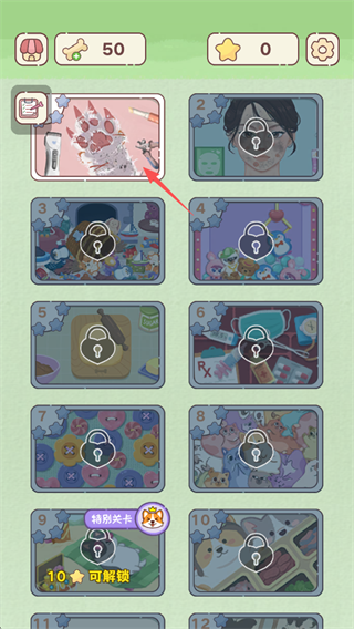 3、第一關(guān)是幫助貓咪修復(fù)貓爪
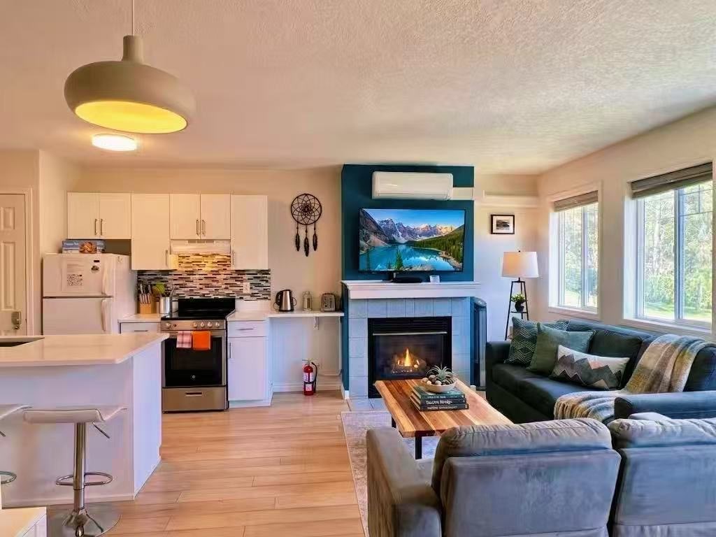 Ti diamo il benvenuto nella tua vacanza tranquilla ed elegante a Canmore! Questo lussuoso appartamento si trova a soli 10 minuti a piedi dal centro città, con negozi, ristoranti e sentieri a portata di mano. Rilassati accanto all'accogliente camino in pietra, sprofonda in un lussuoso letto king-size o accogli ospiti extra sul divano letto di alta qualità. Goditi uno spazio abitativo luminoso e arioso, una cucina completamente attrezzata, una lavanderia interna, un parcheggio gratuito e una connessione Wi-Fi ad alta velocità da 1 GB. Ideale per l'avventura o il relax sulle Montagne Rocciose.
---
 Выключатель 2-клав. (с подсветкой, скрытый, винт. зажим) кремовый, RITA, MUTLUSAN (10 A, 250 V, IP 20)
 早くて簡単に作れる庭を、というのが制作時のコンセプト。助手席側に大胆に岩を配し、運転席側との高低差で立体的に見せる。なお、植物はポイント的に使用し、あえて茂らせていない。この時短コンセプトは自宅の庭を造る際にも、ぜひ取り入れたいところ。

* Instructions for the task
Working from the material above, restate word for word the lines between the line with "Выключатель 2-клав. (с" and the line with "早くて簡単に作れる庭を、とい", both included, and only those.

* Task result
 Выключатель 2-клав. (с подсветкой, скрытый, винт. зажим) кремовый, RITA, MUTLUSAN (10 A, 250 V, IP 20)
 早くて簡単に作れる庭を、というのが制作時のコンセプト。助手席側に大胆に岩を配し、運転席側との高低差で立体的に見せる。なお、植物はポイント的に使用し、あえて茂らせていない。この時短コンセプトは自宅の庭を造る際にも、ぜひ取り入れたいところ。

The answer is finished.